__REQUIREMENT__: In the listing below, locate the line with "Spider City by" and the line with "Set de dos cucharas", then output both and everything between them exactly, minus any pictures.

__DATA__:
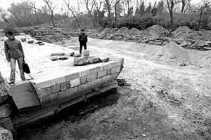 中新網(wǎng)3月17日電 京華時報報道,昨天,有北京市民在圓明園石舫遺址發(fā)現(xiàn)十余件石舫殘件,懷疑是被八國聯(lián)軍破壞的石舫原件。
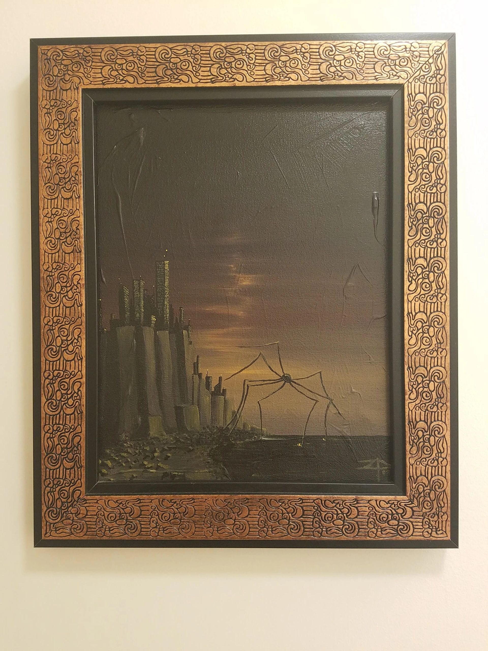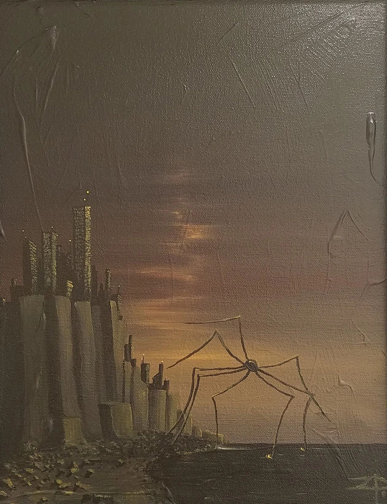 Spider City by Zack Parkar. Acrylic on canvas painted 2003
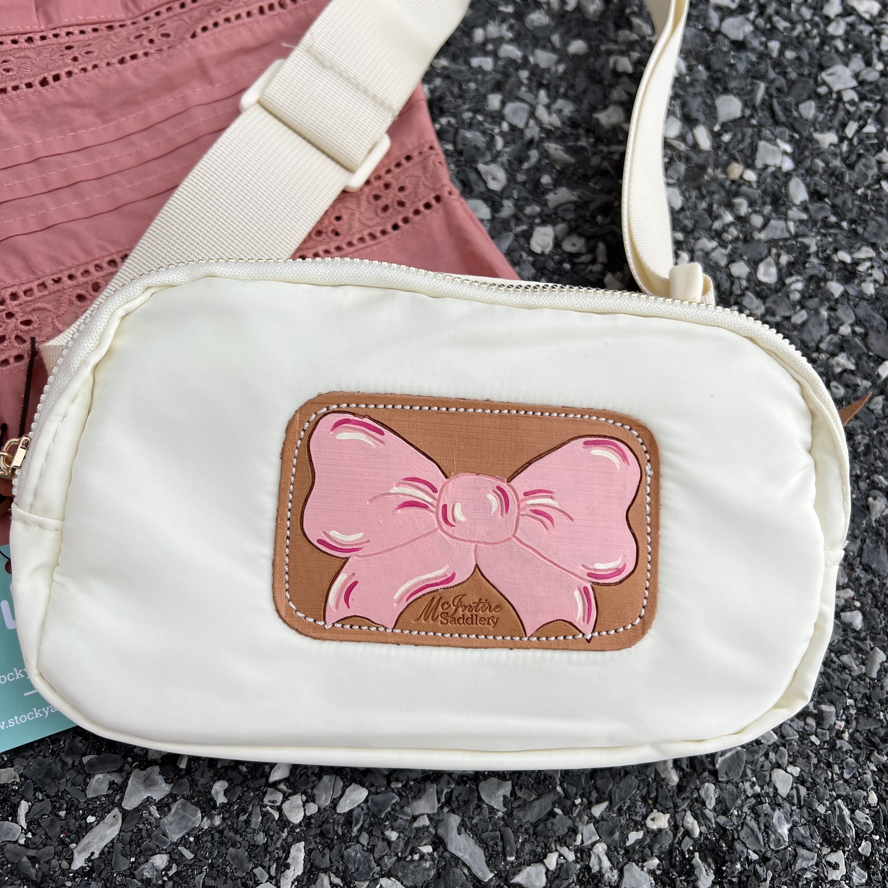 A cream belt bag purse with a leather bow patch: cute, compact, and just enough sass to elevate your look.
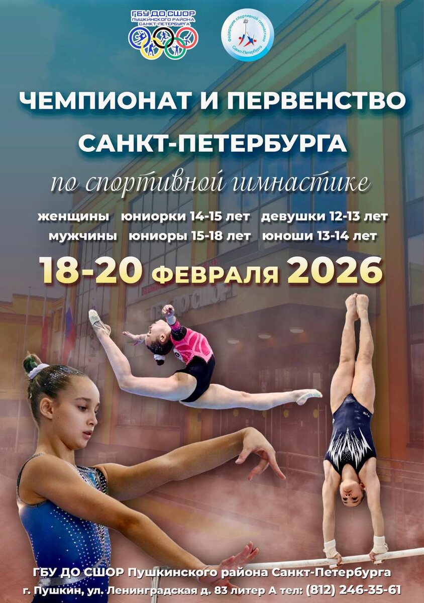 ⚡️На следующей неделе на арене нашей спортивной школы стартуют ✨ЧЕМПИОНАТ И ПЕРВЕНСТВО САНКТ-ПЕТЕРБУРГА по спортивной гимнастике. ✨🤸♀️🤸♂️Сильнейшие гимнастки и гимнасты Северной столицы поборются за награды в командных соревнованиях, личном многоборье и финалах отдельных видов многоборья. ⬇️РАСПИСАНИЕ СОРЕВНОВАНИЙ: 🗓🕙17 февраля: опробование 10:00 - 18:00 🗓🕚18 февраля: 09:55 - Парад открытия чемпионата (мужчины) 10:00 - 1 поток мужчины 10:25 - Парад открытия чемпионата (женщины) 10:30 - 1 поток женщины 11:50 - Награждение мужских команд чемпионата 12:45 - Награждение женских команд чемпионата 13:10 - Парад открытия первенства (юниоры, юноши) 13:15 - 2 поток юниоры, юноши 13:30 - 2 поток девушки 15:35 - 3 поток девушки 17:25 - Парад открытия первенства (девушки, юниорки) 18:15 - 4 поток юниорки 🗓🕚19 февраля: 10:00 - 1 поток мужчины 10:30 - 1 поток женщины 11:50 - Награждение победителей и призеров финала многоборья (мужчины) 12:45 - Награждение победителей и призеров финала
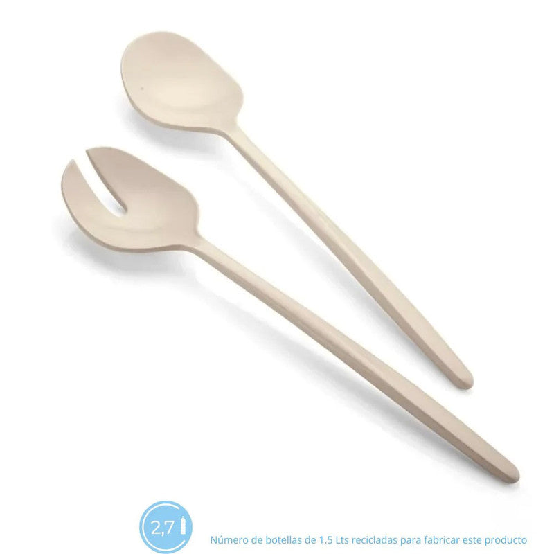 Set de dos cucharas para servir, son fabricadas íntegramente a partir del reciclaje de 2,7 botellas de agua PET (plástico) post consumo. Perfectas para tus postres, aperitivos y ensaladas!
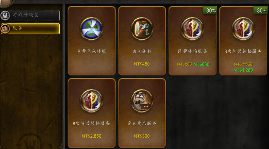 这两个功能外服是在去年开放的。首先是在2023年的2月8日,也就是国服关服没多久,WLK怀旧服就推出了转阵营的服务。收费价格如下,阵营转换组合包选项有:
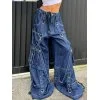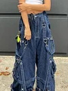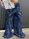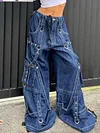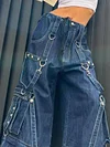 Description: Spice up some punk'd coolgirl-vibe cargo jeans to your denim collection, these cotton denims have metal strap design through the leg, features rivets embellished, a tie fasten on the waist and functional pockets detail, ended with a metal zip button fasten to the front.
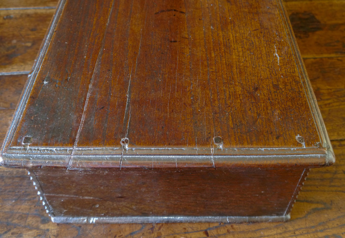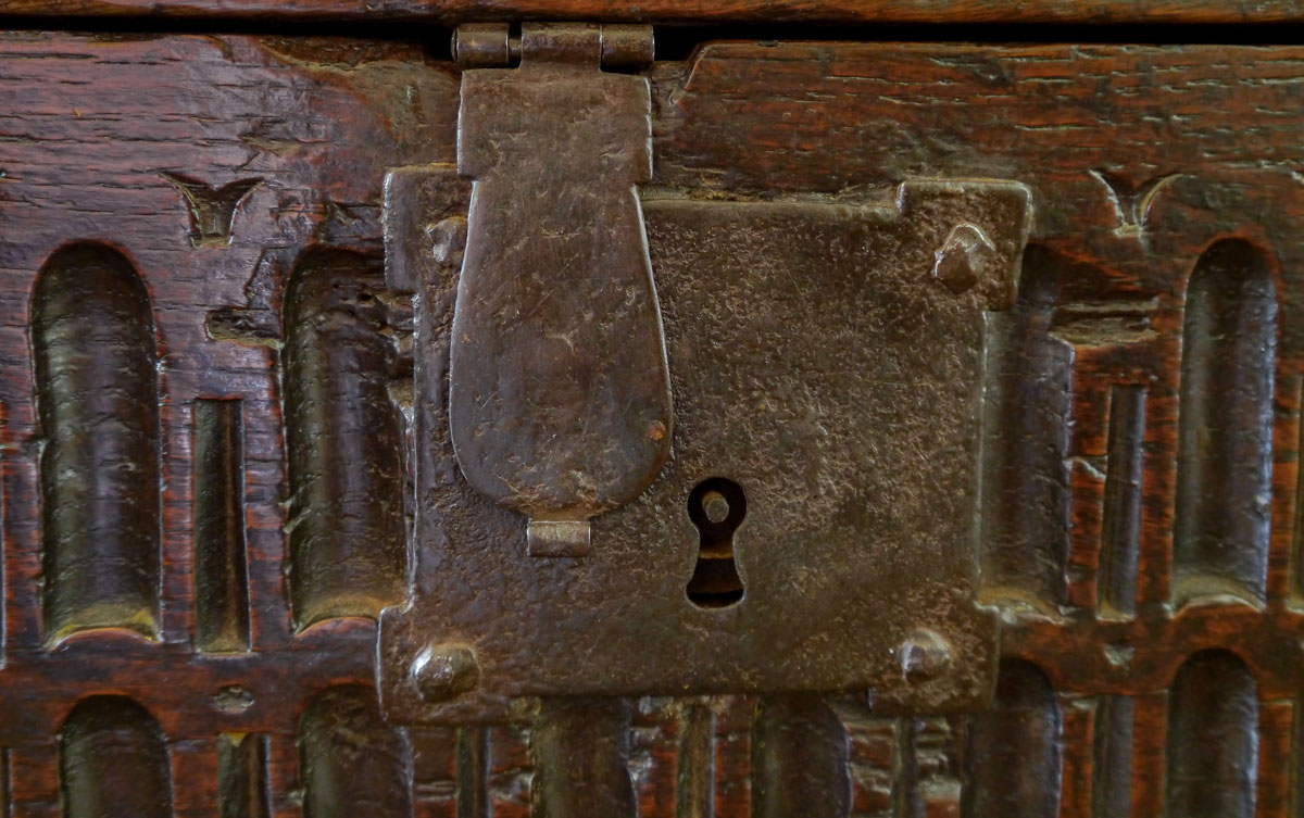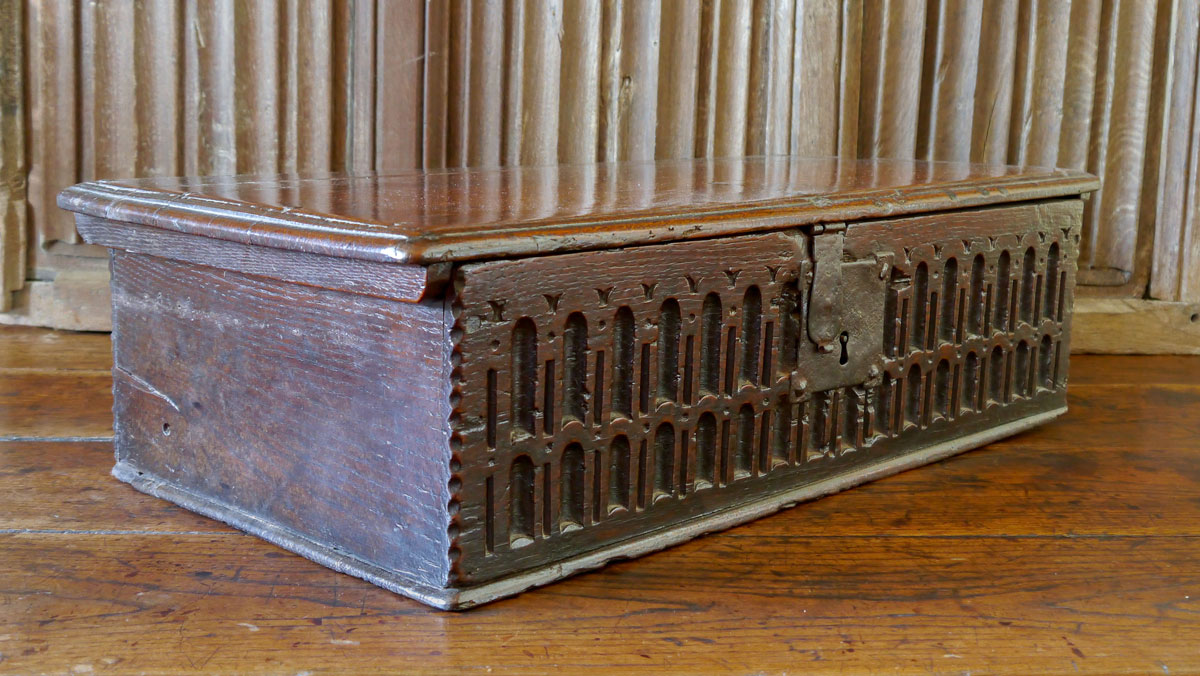 The shallow front board, with lockplate, complete with hasp and key, is carved with a double row of nulled decoration, the upper being slightly taller than the lower. The vertical end joints have fine chip-carved decoration.
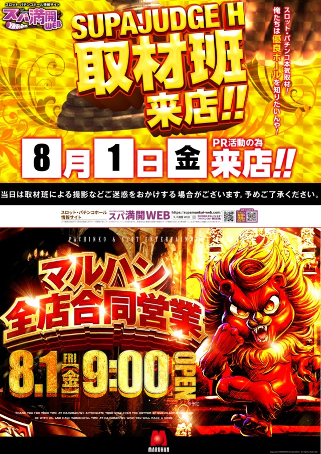 8月1日(金)あさ9時開店【スパジャッジH取材班来店】
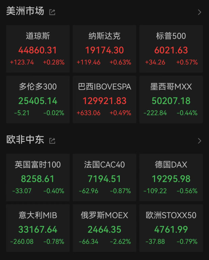 好意思股三大指数漂泊高涨。畛域收盘,说念琼斯工业指数高涨0.28%,纳斯达克指数高涨0.63%,标普500指数高涨0.57%。说念琼斯工业指数、标普500指数均创历史新高。
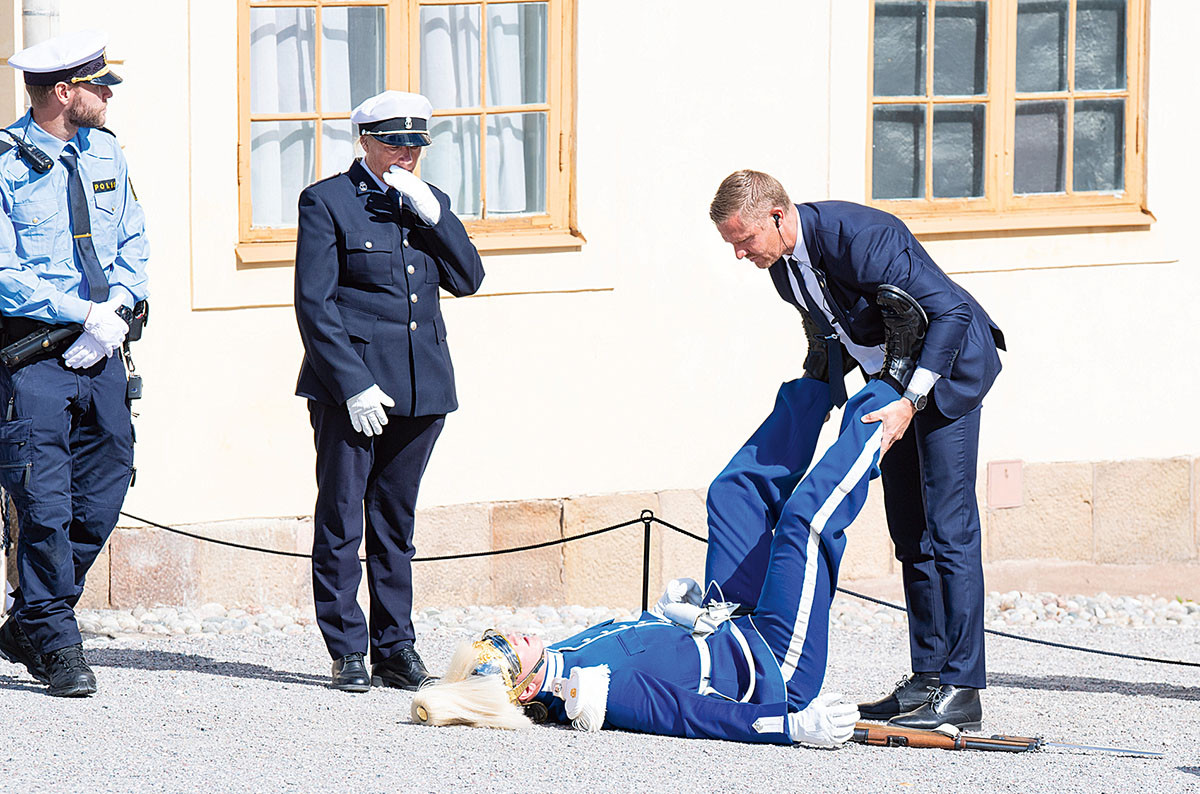 За несколько минут до начала таинства послышались глухие звуки – два гвардейца, находившиеся на посту, пали ниц. Им быстро и максимально незаметно оказали первую помощь, благо порядок действий уже отточен до мелочей. Бравые парни из Högvakten (с северносаамского – гвардейское формирование) складывались, как домино, и во время крещения принцессы Леоноры, и на службе в честь Дня благодарения принцессы Эстель, и на свадьбе принцессы Виктории и принца Даниэля. А в 2018-м, во время службы в честь Дня благодарения принцессы Адриенны, одного из гвардейцев стошнило на глазах у всех гостей.
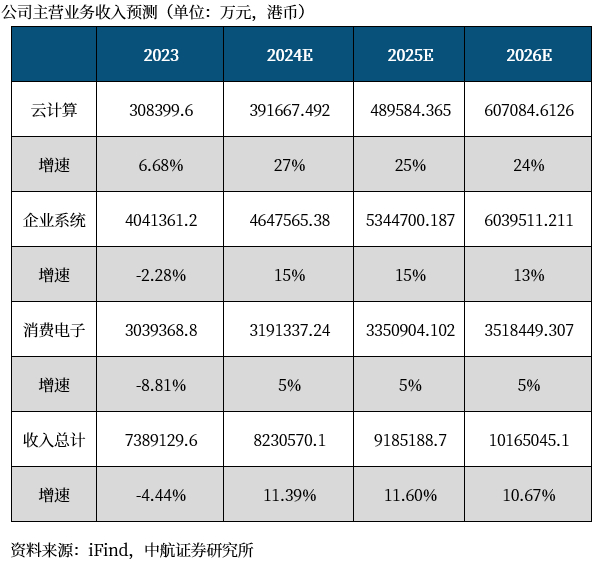 企业系统服务涉及基础建设、人工智能、计算、存储、软件、网络及安全、物联网应用等领域,为科技制造商提供产品推广和解决方案服务。基于在信息技术产业的资源积累和长期实践,全面链接产业上下游,携手合作伙伴为政府、金融、交通、制造、能源、教育、医疗、媒体等行业提供一站式信息化解决方案。公司积极推进信创布局,与华为、浪潮、中科曙光、奇安信等国内主流厂商共创行业新生态。此外,目前算力正成为数字经济增长的新动力,公司加快布局算力领域,打造包括基础设施、云计算、智能平台、解决方案的人工智能产业生态。24H1企业系统业务+24.31%,预期24-26年仍将保持快速增长。
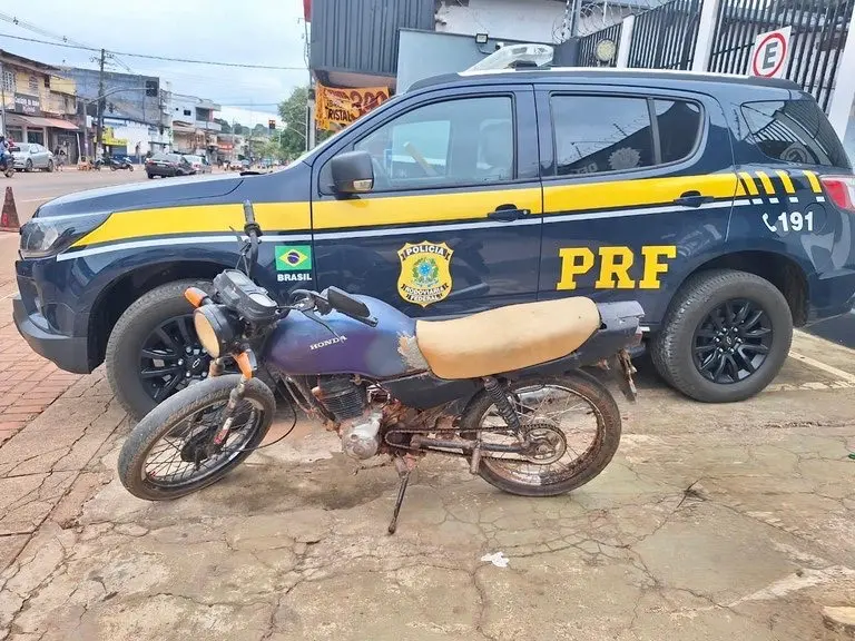 Uma motocicleta com registro de roubo foi recuperada e o condutor preso por receptação durante uma fiscalização da Polícia Rodoviária Federal (PRF) realizada na tarde da última quinta-feira (2), no km 89 da BR-317, em Senador Guiomard, interior do Acre.
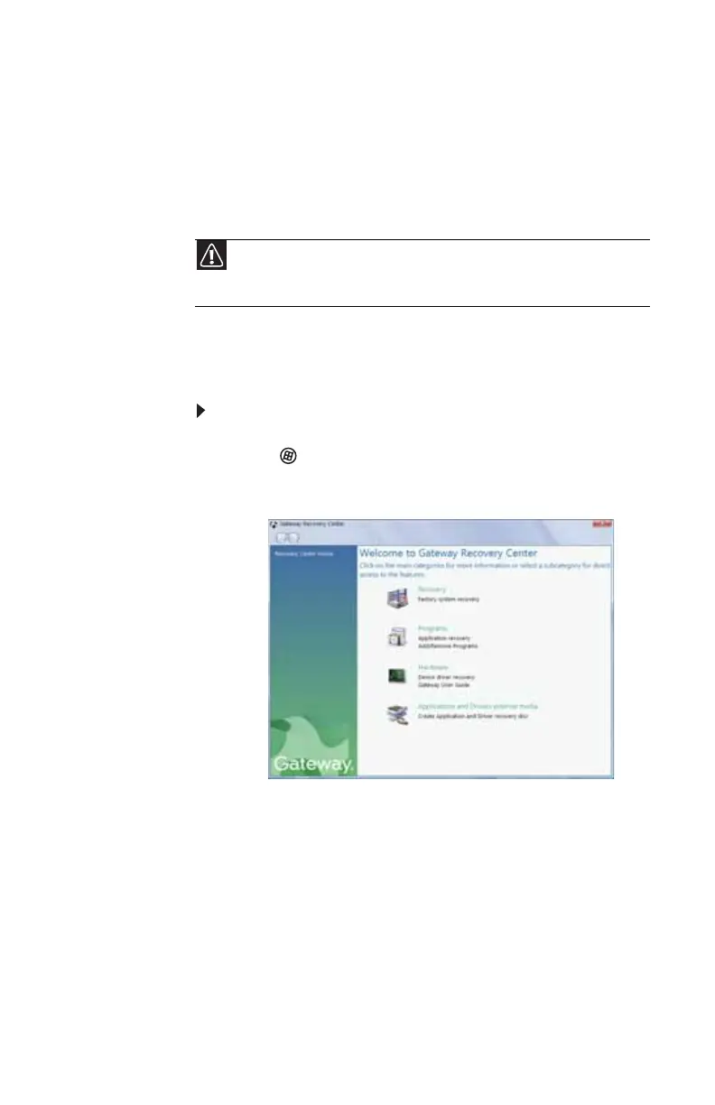 Center, then click Gateway Recovery Center. The
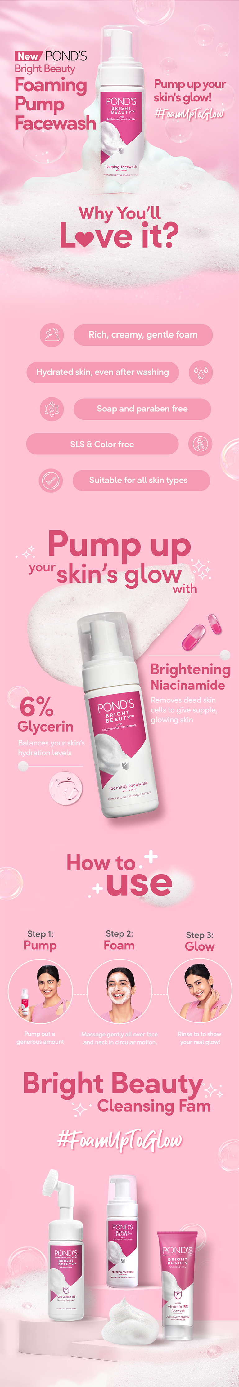 Daily impurities can settle into your pores and make your skin look dull. It's time to pump up your skin's glow with the all-new POND'S Bright Beauty Foaming Pump Facewash. With the goodness of Brightening Niacinamide, this facewash gently yet effectively removes the layer of dead skin cells from your skin and reveals your inner glow! That's not it! It's made up of 6% Glycerin and has a very creamy, rich, foam texture that keeps your skin hydrated and glowing even after washing! It comes with a hassle-free pump which pumps out the luxurious foaming facewash in a super easy manner and then you're all set for your 3 step glow routine! Pump out a small amount onto your palm, massage gently all over your face including the neck region and work your way through a creamy, rich lather, rinse off completely and pat dry. There you have it, just pump, foam and GLOW! Free from silicones, parabens and color, the POND'S Bright Beauty Foaming Pump Facewash is suitable for all skin types & is super gentle on the skin but does not spare the dirt! For glowing, hydrated skin, upgrade to POND'S Bright Beauty Foaming Pump Facewash! Glowing skin, is now a pump away!

__SOLVED PROBLEM__:
 Spider City by Zack Parkar. Acrylic on canvas painted 2003
 A cream belt bag purse with a leather bow patch: cute, compact, and just enough sass to elevate your look.
 ⚡️На следующей неделе на арене нашей спортивной школы стартуют ✨ЧЕМПИОНАТ И ПЕРВЕНСТВО САНКТ-ПЕТЕРБУРГА по спортивной гимнастике. ✨🤸♀️🤸♂️Сильнейшие гимнастки и гимнасты Северной столицы поборются за награды в командных соревнованиях, личном многоборье и финалах отдельных видов многоборья. ⬇️РАСПИСАНИЕ СОРЕВНОВАНИЙ: 🗓🕙17 февраля: опробование 10:00 - 18:00 🗓🕚18 февраля: 09:55 - Парад открытия чемпионата (мужчины) 10:00 - 1 поток мужчины 10:25 - Парад открытия чемпионата (женщины) 10:30 - 1 поток женщины 11:50 - Награждение мужских команд чемпионата 12:45 - Награждение женских команд чемпионата 13:10 - Парад открытия первенства (юниоры, юноши) 13:15 - 2 поток юниоры, юноши 13:30 - 2 поток девушки 15:35 - 3 поток девушки 17:25 - Парад открытия первенства (девушки, юниорки) 18:15 - 4 поток юниорки 🗓🕚19 февраля: 10:00 - 1 поток мужчины 10:30 - 1 поток женщины 11:50 - Награждение победителей и призеров финала многоборья (мужчины) 12:45 - Награждение победителей и призеров финала
 Set de dos cucharas para servir, son fabricadas íntegramente a partir del reciclaje de 2,7 botellas de agua PET (plástico) post consumo. Perfectas para tus postres, aperitivos y ensaladas!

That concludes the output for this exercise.